Why is 6% growth per year enough to justify investing in digital assets?
The biggest turn off for an investor when it comes to investing in digital assets is the volatility and risk of loss. However, these fears tend to ignore two important facts:
- Regardless of the volatility of digital assets, if an investor invests only 1% in digital assets, his maximum loss is 1%. Within a multi-asset portfolio, 1% losses occur many times a month in stocks or other risky assets.
- The efficiency required to justify volatility similar to that of digital assets is not as high as investors think. Digital assets growing at more than 6% per year would be enough to justify investing in a hypothetical portfolio.

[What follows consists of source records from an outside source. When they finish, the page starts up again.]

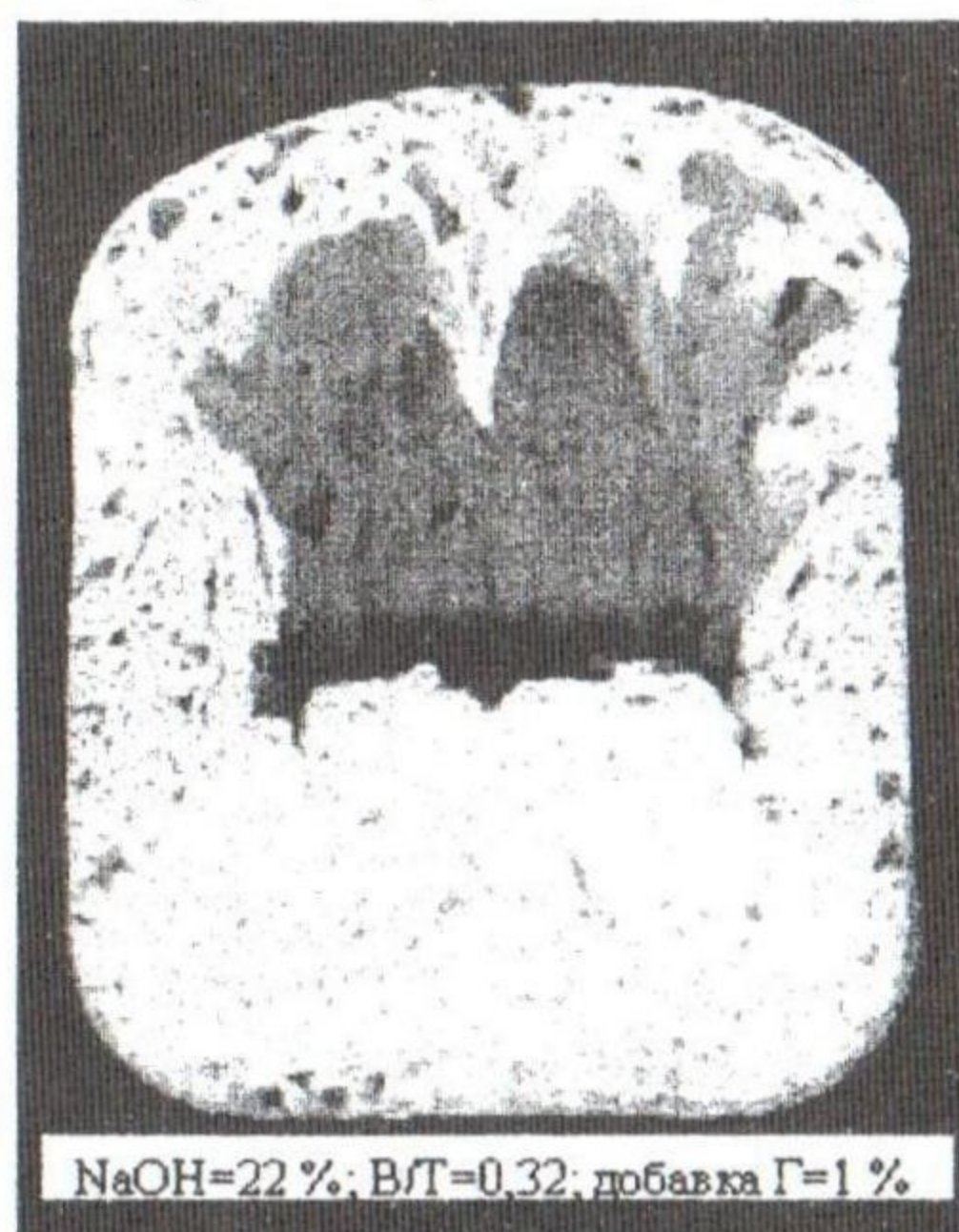
Рис. 2. Характер пористости кремнепора с содержанием глины 1%

Характер пористости кремнепора с добавкой глины зависит от её содержания. При содержании глины от 0 до 3 % (Рис. 2) в верхней части образца наблюдаются макропустоты, которые с повышением содержания добавки уменьшаются в своём объёме. Образование макропустот в верхней части образца свидетельствует о том, что процессы вспучивания и твердения десинхронизированы, причём вспучивания кремнепора значительно опережает процесс твердения.
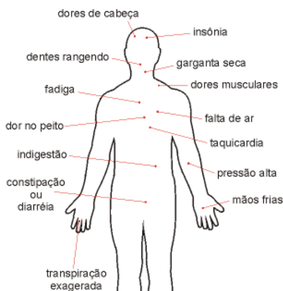
Figura 1 – Estresse, Impacto no Corpo
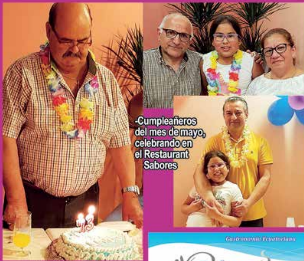
-Cumpleañeros del mes de mayo, celebrando en el Restaurant Sabores

Por ello, no lo olvidéis, en caso de divorcio acudid rápido a un profesional, o existe riesgo de perder la autorización de Residencia en Régimen Comunitario ■
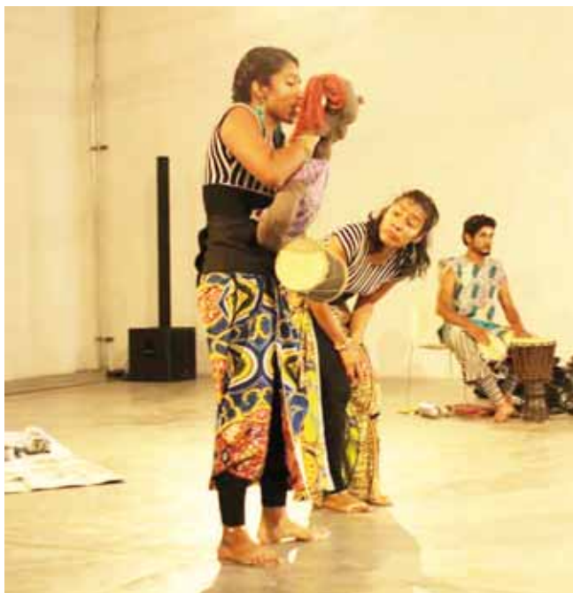
► Los de siempre colectivo.
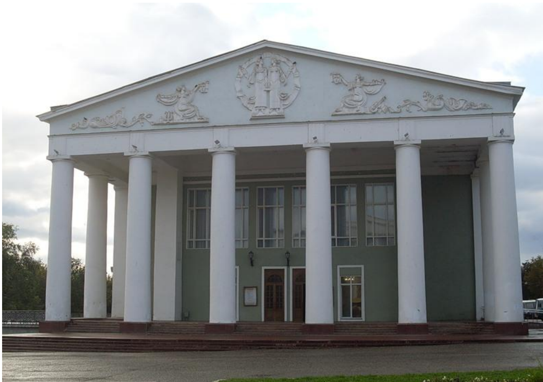
Русский драматический театр
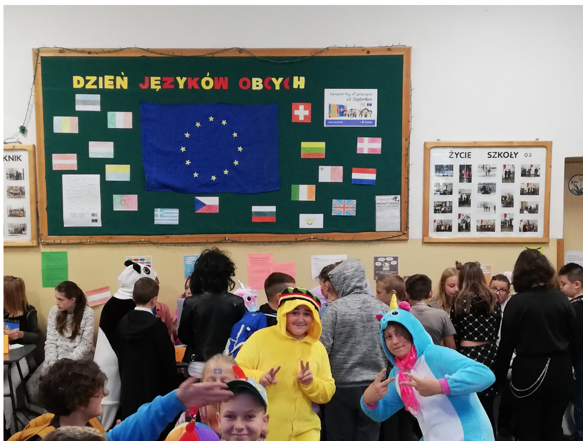
Korytarz na I piętrze był tego dnia kolorowy, rozbawiony!
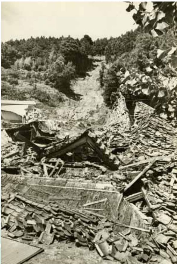
後方の山から土砂が崩れ、押し潰された常龍寺 (昭和57年7月31日～8月4日大和川大水 害・低気圧・本文149 ページへ)
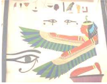
شكل رقم (٢) يشير الى استخدام النقوش الفرعونية في فن الخيامية

كذلك فإن زخارف الملابس وكذلك المصاغ والحلي من وحدات متماثلة هناك رسوم مطرزة علي هيئة أشرطة بالألوان مثبتة علي قطعتين من الكتان من رداء الملك توت عنخ آمون .
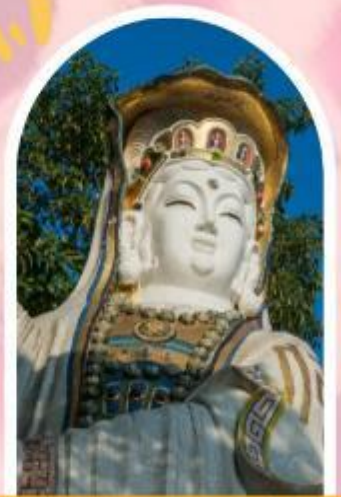
ริพลัสเบย์ รับพลังงานดี เสริมพลังดวงจัญ
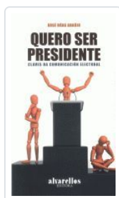
QUERO SER PRESIDENTE. CLAVES DA COMUNICACION ELECTORAL XOSE RUAS ARAUJO
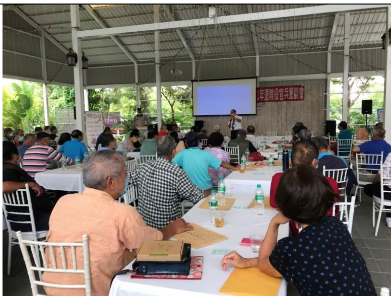
相片主題(2)：金管會講師實施金融教育講習
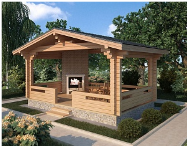
Проект беседки Б 20
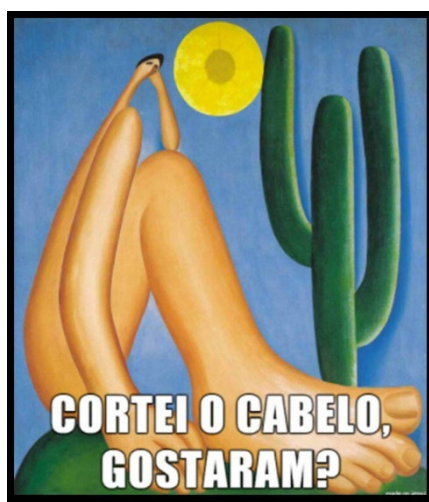
Figura 5: Meme do Abaporu

As diferentes camadas de mixagem produzidas pelo estudante nesse meme invertido demonstram o trabalho semiótico de manutenção não apenas de elementos como imagens e texto verbal, ocorrido nos memes das Figuras 2 e 3, mas também de manutenção de recursos de saliência e modalização das imagens. A busca pelo filtro que gera o efeito negativo de filme e a colagem da bandeira antirracista com os dizeres irônicos (invertidos, como dizem os estudantes) “Artista antirracista” salientam o agenciamento do estudante autor. Soma-se a esse trabalho de remixagem dele as etapas de design, tais como perceber a aptidão do meme invertido para veicular o novo discurso antirracista, utilizando justamente um autor denunciado por racismo.
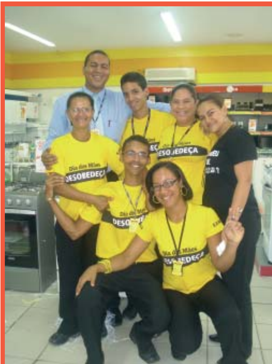
Vendedores da Ricardo Eletro também comemoram o 1º de Maio

O jornal Camaçari Notícias presta um homenagem a todos os trabalhadores pelo seu dia
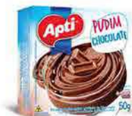
16253 PUDIM CHOCOLATE APTI | 1X50 GR 7896327514909
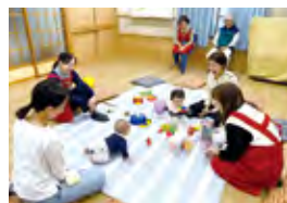
▲ 町内会館での様子
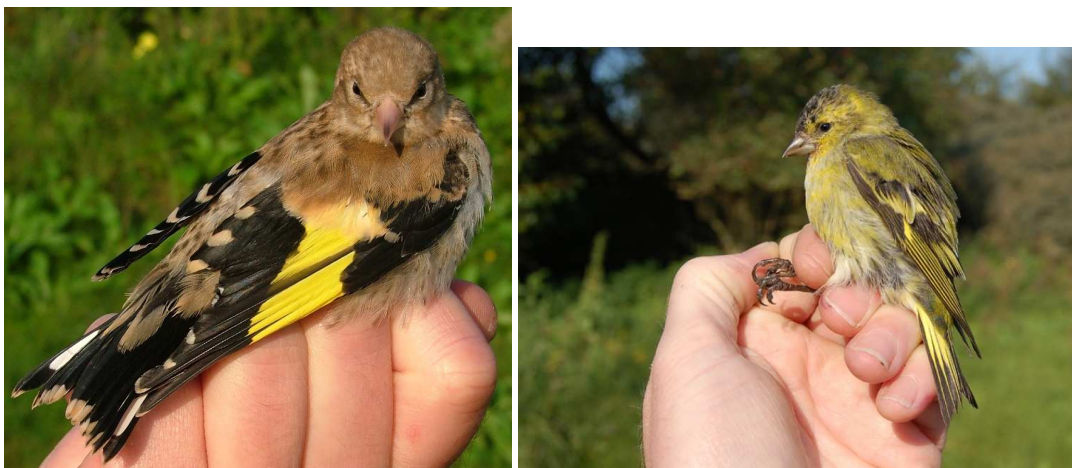
Juvenilele putter (links, 30 augustus) en adult mannetje sijs, 18 september 2008. Ringers: Vincent van der Spek, Maarten Verrips en Ben Wielstra
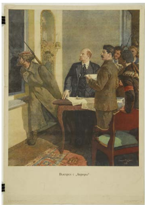
DUDNIK, Stěpan: školní obraz: Výstřel z Aurory ; Státní pedagogické nakladatelství, Moskva, vydáno v roce 1949.
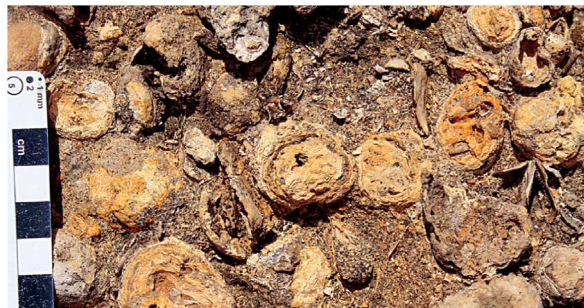
Figura 1 – Acumulação de rodólitos fósseis na jazida da Malbusca (Santa Maria). Rebelo et al. (2016)

Mas, afinal, qual a utilidade destes estudos? Qual a impor-
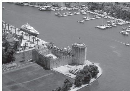
Slika 11. Kula Kamerlengo

Trogir su osnovali grčki kolonisti s otoka Visa u 3. st. pr. Krista. Trogir oduševljava posjetitelje kulturno-povijesnim spomenicima i uskim ulicama te umjetničkim zbirka s brojnim remek-djelima. Među znamenitostima grada Trogira su: Katedrala sv. Lovre s Radovanovim portalom, kula Kamerlengo, Gradska vrata, palača Čipiko, Gradska vijećnica, crkva sv. Nikole sa zbirkom umjetnina „Kairos”, Muzej grada, Pinakoteka, te mnoge druge znamenitosti.
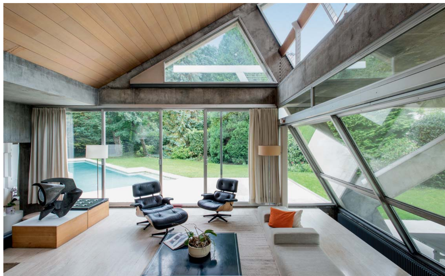
Eingefrorene Bewegung: Die schrägen Wände dynamisieren den Raum. (Skulpturen von Gérard Mannoni)
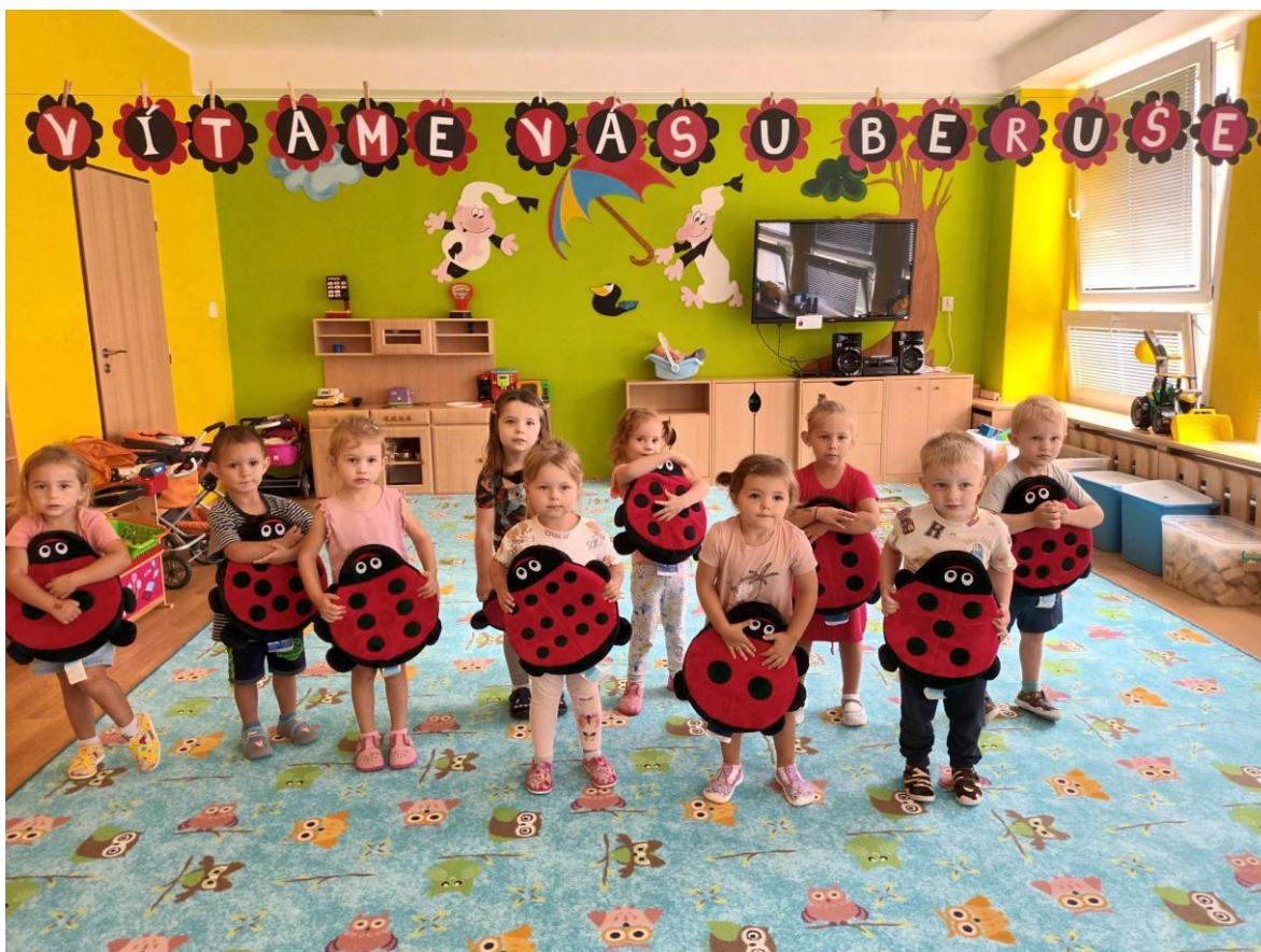
Adaptace nových dětí – MŠ Písnička
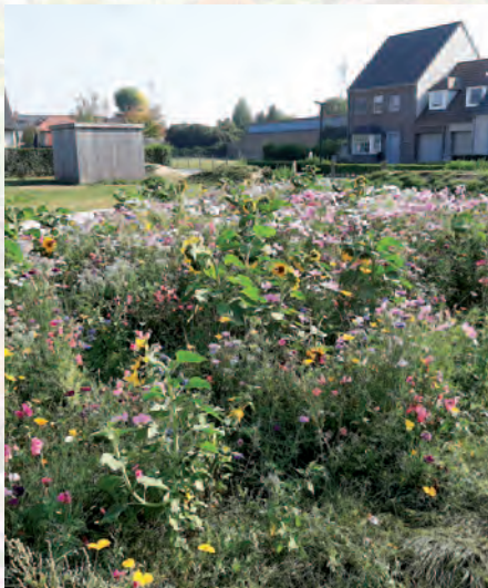
Avelgem | Bijenvriendelijk Avelgem
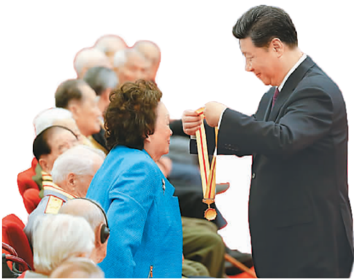
2015年9月2日上午，国家主席习近平向陈纳德将军的夫人陈香梅女士颁发纪念章。

In a recently published taxonomy article, WisdomTree Insights – A New Asset Class: Investing in the Digital Asset Ecosystem, we use several allocation methods to find the right return/risk profile offered to the long-term digital asset investor. As an example, Chart 2 shows the difference between the Sharpe ratio for a portfolio that invests 1% in digital assets and a portfolio with no digital assets. The illustrated portfolio continuously invests in:
- 59% in the MSCI All Country World Index
- 40% in the Bloomberg EUR Agg Index
- and 1% in digital assets
Equity and bond performance and risk are assessed using JP Morgan Asset Management’s Long Term Capital Market Assumptions (LTCMA) to 2022 to assess performance, volatility and correlation over the next ten years. The historical correlation of digital assets with stocks and bonds is used. We vary the annual performance and volatility of digital assets from 0 to 100% to examine their impact on the illustrated portfolio.
Figure 2: Future Volatility and Performance of Digital Assets Must Be Very Different for a Multi-Asset Portfolio Not to Benefit
Source: Bloomberg, Wisdom Tree. From December 31, 2014 to May 31, 2022. Calculated in euros based on monthly figures. It is not possible to invest directly in the index. Historical performance is not an indication of future performance, and any investment can go down as well as up. For illustration only
It is clear that for most levels of volatility and performance of digital assets, the Sharpe ratio of the portfolio will benefit from their integration into the portfolio (“in green” in Figure 2). The digital asset has performed 99.2% annually with 97% volatility over the past seven years or so. While it is doubtful whether digital assets can perform this way over the next 10 years, assuming volatility remains the same (99%), the Sharpe ratio for the 60/40 portfolio is improved by the inclusion of digital assets, provided they record a performance of at least 6% per year.
Faced with this analysis, investors may ultimately argue that it is too late to invest in digital assets and that exponential growth is a thing of the past. However, from an asset allocation perspective, this is not so obvious. Looking at chart 2, rather than asking the Shakespearean question of “to invest or not to invest in digital assets, that’s the question”, really the only relevant question is: will digital stocks grow more than 6 or 7% in the future?
If you think the answer is yes, then they deserve to be included in your asset allocation.